Kolodziej is a veteran in the value-based care and analytics worlds who is now chief innovation officer at the advisory firm ADVI Health. Unlike other specialties, oncology has characteristics that make it more fertile ground for bundled payment programs, he explained. Far more oncologists work in independent community practice settings compared with other specialties. Those doctors are more willing to engage in programs that promise to bring down costs to remain competitive. A cardiologist in a large health system is shielded from that.

Even so, cancer treatment is far more intricate than joint replacement. Designing the bundles is difficult, from determining the targeted types and stages of cancer to budgeting to defining a “quality outcome,” he said.

With the rate at which oncologic breakthroughs occur, a novel therapy may go from unknown to standard-of-care in 6 months, said Brenton Fargnoli, MD, Flatiron Health’s medical director of value-based care and director of product marketing and strategy. And as those therapies can be prohibitively expensive, it would be immoral to deprive a patient of them to adhere to a bundle plan, he said.

Then there is cancer. “There are certain types and subtypes of cancer that are more amenable to model development,” Fargnoli said. “Community oncologists will see all types of cancer patients, so they don’t want to be operating on vastly different payment models depending on which patient is walking through the door.”

Navathe said variability makes the OCM a “huge and ambitious model,” and it’s less defined than the joint and cardiac bundled plans, voluntary or mandatory.

Though every practice in the program is there by choice, Kolodziej does not think they will all be satisfied. The program has many moving parts, even if it is broad.

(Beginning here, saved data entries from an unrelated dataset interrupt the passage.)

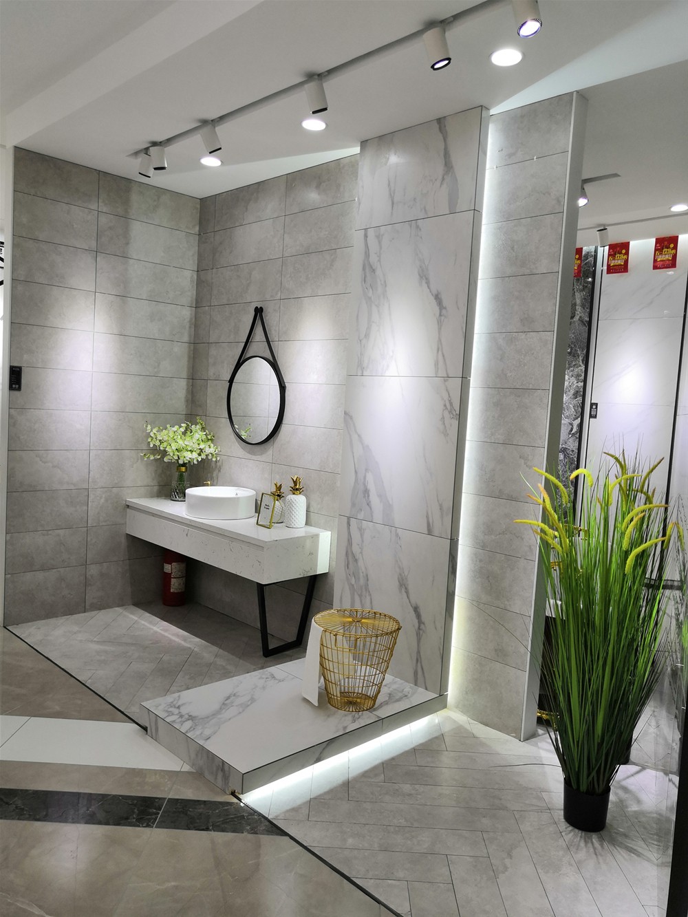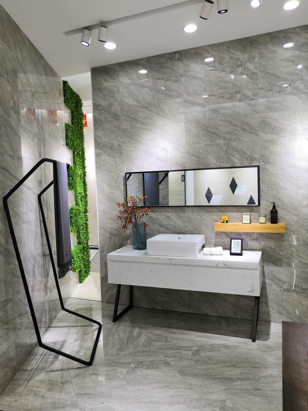 這款產(chǎn)品是灰色調(diào)大紋理,從設計考慮是不宜做太多的鋪貼手法或者水刀。因為紋理足夠豐富,我們只采用400*800直接純色上墻,這樣就把產(chǎn)品的特性表現(xiàn)最極致。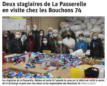 Article du Dauphiné Libéré en date du : 19/03/2021 ; DUINGT : Deux stagiaires de la Passerelle en visite chez les Bouchons 74
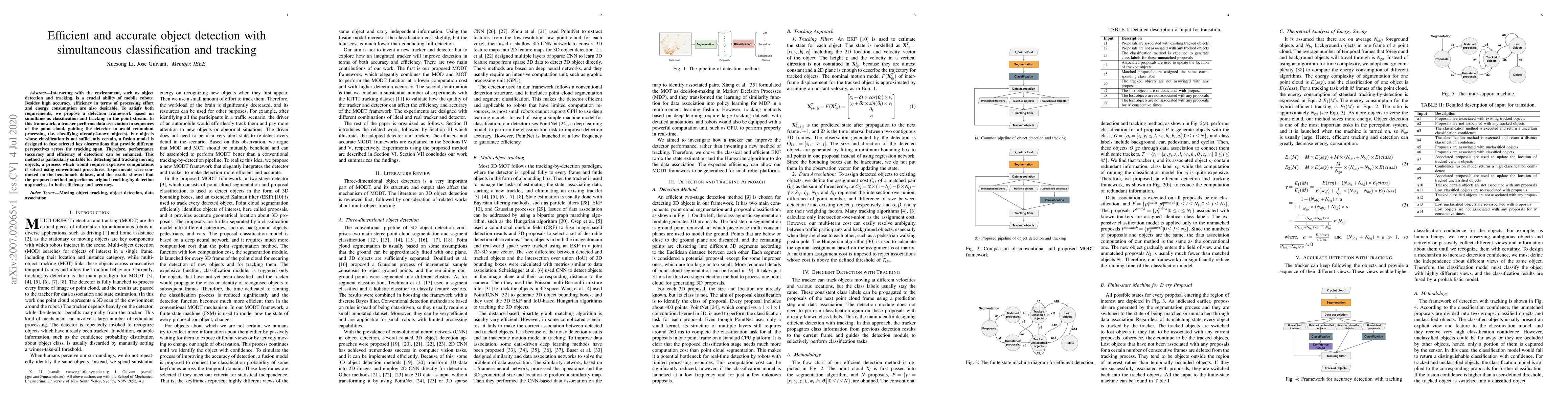 This paper proposes an efficient object detection framework that simultaneously performs classification and tracking in point cloud streams, optimizing both accuracy and processing efficiency. The method uses a tracker to guide the detector, reducing redundant processing, and employs a fusion model for uncertain classifications, achieving superior performance compared to traditional tracking-by-detection approaches.

“What we’re starting to see is that the government is the government,” he said. “Things have been made very complicated, and there are a lot of rules and fancy equations, and I think people are a little bit frustrated by that stuff. The quality measure submission was painful; the registry submission was painful.”

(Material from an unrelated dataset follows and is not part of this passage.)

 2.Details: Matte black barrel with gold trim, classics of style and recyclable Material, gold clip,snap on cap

Where Is the Private Sector?

Kolodziej thinks CMS deserves a lot of credit for its efforts. Navathe said “the catalyst potential of CMS cannot be understated.” Emanuel and Fargnoli have both worked on OCM initiatives. Hurteau credited the agency with taking the lead and being responsive to the industry.

But CMS can’t go it alone. “If all you end up with is Medicare on the bundles, that’s not going to be helpful,” Emanuel said. For bundled payments to succeed, other healthcare stakeholders will need to become more proactive.

Advancing bundles outside CMS will not be easy. Programs exist—John Theurer Cancer Center of Hackensack Meridian Health in New Jersey is working to develop one, and The University of Texas MD Anderson Cancer Center paired with UnitedHealth to pilot another—but those efforts are scattered. Kolodziej hasn’t see one take off.

In a perfect world, the march should be led by those who can benefit most, experts said. “Ultimately, it’s the patients’ outcomes, their health, and their life,” Fargnoli said, “and the physicians treating them are closest to this.” Doctors are the face of healthcare to the average patient, and they must embrace the bundles and explain them to patients to create demand. Awareness is lacking.

“I wish I could say that the patients are really going to lead this charge, but it’s really the payers,” Navathe said. Large employers with thousands on their insurance rolls, such as Boeing and Walmart, can put pressure on private payers. Walmart sends its patients who need bypass surgeries to Cleveland Clinic through a bundled arrangement, for example, to keep things simple and bring costs down.